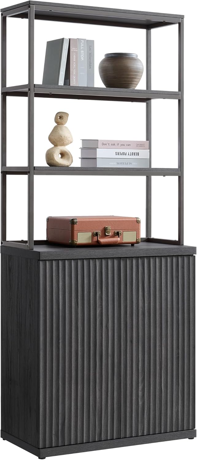 "SICOTAS Fluted Book Shelf with Doors - 75"" Tall Bookshelf with Storage 6 Tier Large Bookcase with Bottom Cabinet - Modern Metal Book Case for Living Room
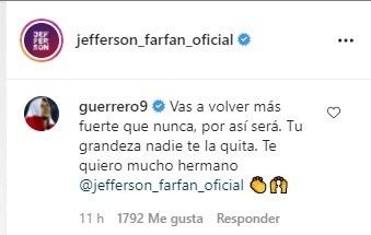 “Vas a volver más fuerte que nunca, por así será. Tu grandeza nadie te la quita. Te quiero mucho hermano @jefferson_farfan_oficial ����”. Fue la emotiva dedicatoria hecha por Paolo Guerrero, a su compadre Jefferson Farfán. Por ahí también apareció otro de los compañeros en Alianza Lima de ‘La Foquita’.
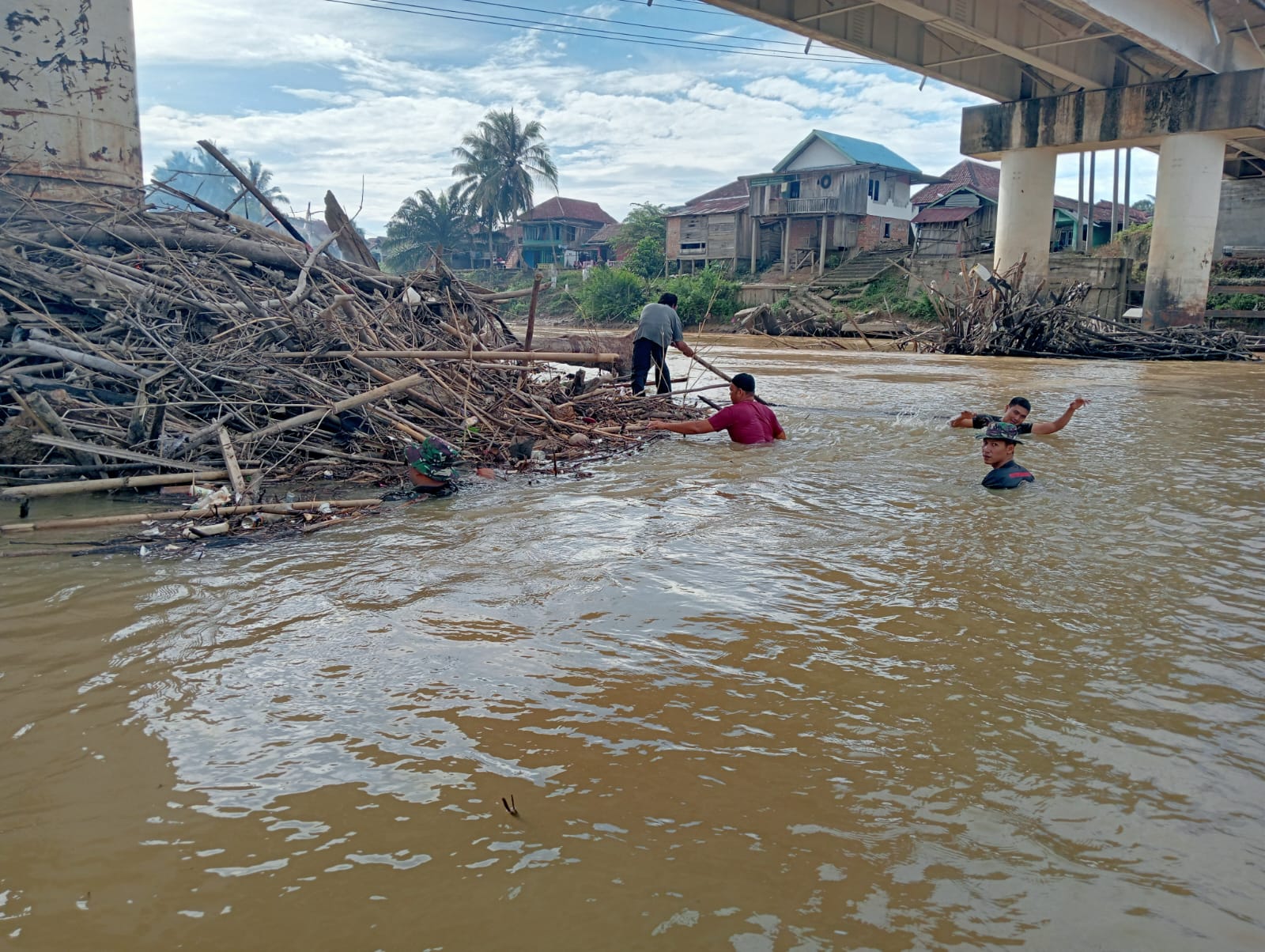 Satu unit Perahu LCR Kodim 0406 Lubuk Linggau,Gergaji mesin, Parang perorangan. Adapun sasaran pembersihan yaitu sampah kayu yang menumpuk di tiang jembatan yang dapat mengakibatkan tumpukan beban semakin besar ke tiang jembatan dan membersikan sampah yang ada di pinggiran aliran sungai.(Pendim0406/LLG).

◇ ◇ ◇ ◇ ◇ ◇ ◇

YOUR ASSIGNMENT | In your copy, include no pictures; print every line above exactly.

SOLUTION TO THIS EXERCISE |
 "SICOTAS Fluted Book Shelf with Doors - 75"" Tall Bookshelf with Storage 6 Tier Large Bookcase with Bottom Cabinet - Modern Metal Book Case for Living Room
 “Vas a volver más fuerte que nunca, por así será. Tu grandeza nadie te la quita. Te quiero mucho hermano @jefferson_farfan_oficial ����”. Fue la emotiva dedicatoria hecha por Paolo Guerrero, a su compadre Jefferson Farfán. Por ahí también apareció otro de los compañeros en Alianza Lima de ‘La Foquita’.
 Satu unit Perahu LCR Kodim 0406 Lubuk Linggau,Gergaji mesin, Parang perorangan. Adapun sasaran pembersihan yaitu sampah kayu yang menumpuk di tiang jembatan yang dapat mengakibatkan tumpukan beban semakin besar ke tiang jembatan dan membersikan sampah yang ada di pinggiran aliran sungai.(Pendim0406/LLG).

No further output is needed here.